There were 2,398 households, out of which 36.3% had children under the age of 18 living with them, 35.8% were married couples living together, 29.9% had a female householder with no husband present, and 30.7% were non-families. 27.6% of all households were made up of individuals, and 13.6% had someone living alone who was 65 years of age or older. The average household size was 2.58 and the average family size was 3.14.

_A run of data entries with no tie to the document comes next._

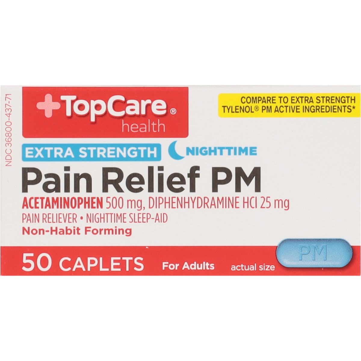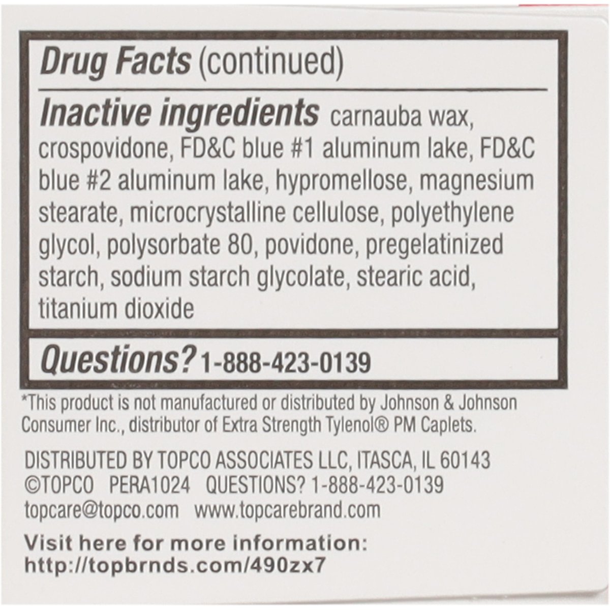 For adults. Acetaminophen 500 mg, diphenhydramine HCl 25 mg. Pain reliever. Nighttime sleep-aid. Compare to Extra Strength Tylenol PM active ingredients*. Non-habit forming. *This product is not manufactured or distributed by Johnson & Johnson Consumer Inc., distributor of Extra Strength Tylenol PM Caplets. www.topcarebrand.com. Questions? 1-888-423-0139; topcare@topco.com; www.topcarebrand.com. Visit for more information: http://topbrnds.com/490zx7.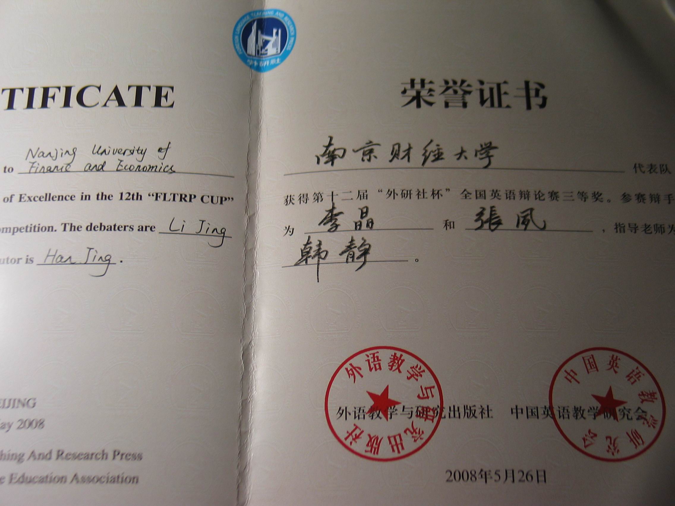 5月24日,公司代表队前往北京参加由外语教学与研究出版社主办的第12届“外研社杯”全国英语辩论赛的两位选手李晶、张夙和指导老师韩静载誉归来。“外研社杯”全国英语辩论赛是全国最权威、最具规模、最有影响力的英语辩论赛事。在此次比赛中,公司荣获三等奖,这是公司迄今为止参加此项赛事以来取得的最好成绩。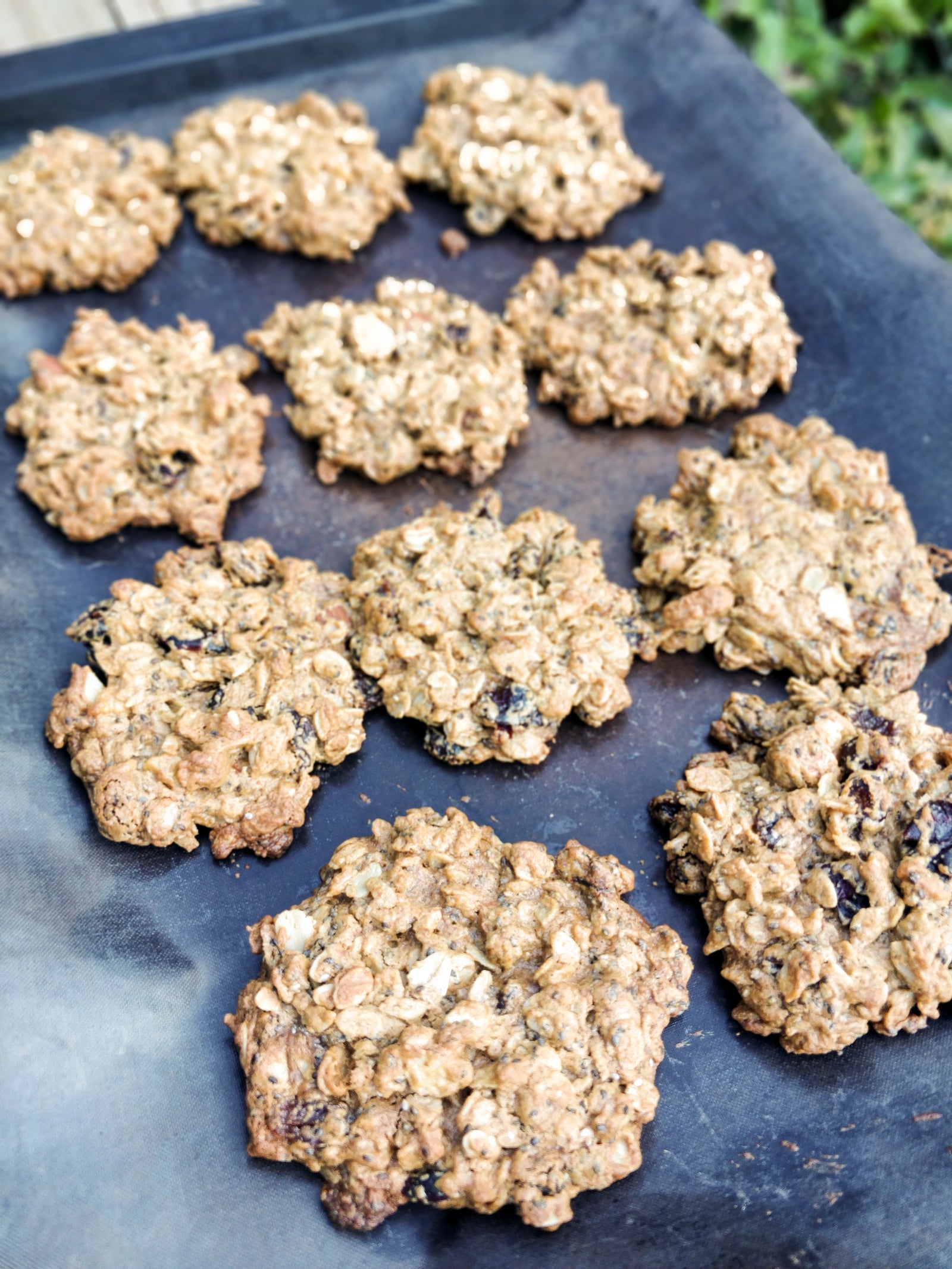 Using a 1/4 cup measuring cup, scoop out dough and place on a baking sheet. Use bottom of the measuring cup to slightly flatten cookies. Bake for 13 minutes, or until the edges begin to turn golden brown and the tops of the cookies only give slightly to the touch. Let cool slightly before cooking fully on a metal rack. They will firm up further during cooling. Transport in a zip-top bag or other container of choice.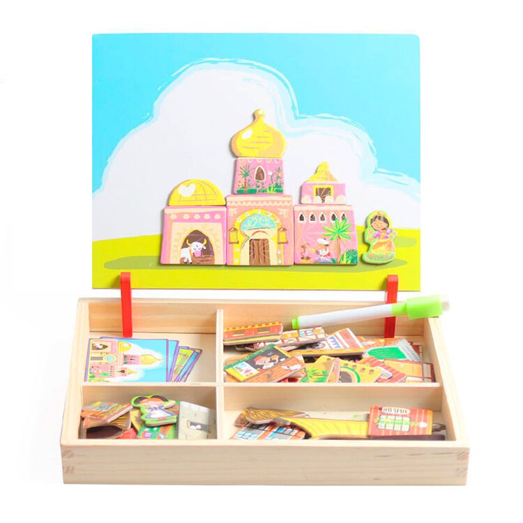 Магнітна гра "Подорож" захована в чарівній скриньці - можна грати нею в будинку або взяти з собою в дорогу. Набір магнітних фігурок дозволить створювати зображення різних будівель, а маркер на водній основі - дасть дитині можливість втілити свої фантазії на зворотному боці дошки. Цей диво-конструктор простий і цікавий, за це він користується популярністю у дітей і батьків. До магнітної грі "Подорож" додається в якості зразка 7 карток з відомими архітектурними спорудами.

In the city, the population was spread out, with 29.8% under the age of 18, 8.8% from 18 to 24, 25.7% from 25 to 44, 19.8% from 45 to 64, and 15.9% who were 65 years of age or older. The median age was 34 years. For every 100 females, there were 78.8 males. For every 100 females age 18 and over, there were 69.7 males.

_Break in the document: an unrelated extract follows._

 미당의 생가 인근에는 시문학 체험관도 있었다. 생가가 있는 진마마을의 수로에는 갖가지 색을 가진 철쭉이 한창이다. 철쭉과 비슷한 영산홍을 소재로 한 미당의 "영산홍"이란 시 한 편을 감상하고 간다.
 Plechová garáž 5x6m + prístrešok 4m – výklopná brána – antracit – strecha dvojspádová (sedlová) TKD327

The median income for a household in the city was $23,530, and the median income for a family was $27,611. Males had a median income of $27,857 versus $17,090 for females. The per capita income for the city was $11,584. About 26.3% of families and 29.6% of the population were below the poverty line, including 42.2% of those under age 18 and 26.7% of those age 65 or over.

==Education==
All of the city limits is served by the Aberdeen School District.

==Media==
===Radio stations===
1240 WWZQ-AM
105.3 WACR-FM

==Infrastructure==
===Highways===
- U.S. Highway 45
- Mississippi Highway 8
- Mississippi Highway 25
- Mississippi Highway 145

===Railroads===
- Burlington Northern and Santa Fe Railway
- Alabama and Gulf Coast Railway
- Kansas City Southern Railway

==Notable people==
- Joel M. Acker, member of the Mississippi State Senate and Mississippi House of Representatives
- Stephen Adams, member of United States House of Representatives and United States Senate
- Steve Baylark, running back for Sacramento Mountain Lions of United Football League
- Guy Bush ("the Mississippi Mudcat"), Major League Baseball pitcher
- Oliver Darden, basketball player for University of Michigan
- Reuben Davis, Congressman and Confederate general
- James Bell Dickson, U.S. Army Air Forces pilot
- Wilma Cozart Fine, record producer
- Jeff Fort, mobster and co-founder of the Black P. Stones
- Samuel J. Gholson, congressman, judge and general in the Confederate States Army
- Joe Green, former NFL defensive back
- Ann Gregory, golfer
- Moses Hardy, formerly oldest living American man, one of the oldest veterans of World War I
- Lock E. Houston, former member of the Mississippi House of Representatives
- Reggie Kelly, former NFL tight end
- Albert King, blues guitarist
- Fredrick McGhee, first black lawyer in Minnesota, co-founder of the Niagara Movement
- James Phelan Sr., member of the Confederate Congress from 1862 to 1864
- James Phelan Jr., member of the United States House of Representatives from 1887 to 1891
- R. O. Reynolds, member of the Mississippi State Senate
- Roscoe Simmons, orator and journalist, nephew of Booker T. Washington
- Georgia Speller, artist
- Eugene Sykes, justice of the Supreme Court of Mississippi and chairman of Federal Communications Commission
- Rozzell Sykes, artist
- Butch Thompson, college baseball head coach
- Frederick I. Thompson, commissioner of the Federal Communications Commission from 1939 to 1941
- Andre Townsend, former defensive end for the Denver Broncos
- Jim Walden, head football coach at Washington State and Iowa State University
- Channing Ward, former NFL defensive tackle
- Bukka White (Booker T. Washington White), blues musician
- Dwayne Whitfield, former National Basketball Association player
- Chris Willis, former head football coach of the University of North Alabama

==In popular culture==
The city of Aberdeen is the subject of the HGTV show Hometown Renovation, where local makeup artist and designer Billy Brasfield sets to redesign and renovate some of the city's houses and landmarks.

The city is the subject of the song "Aberdeen, Mississippi", by blues artist Bukka White, later covered by guitarist Kenny Wayne Shepherd as "Aberdeen".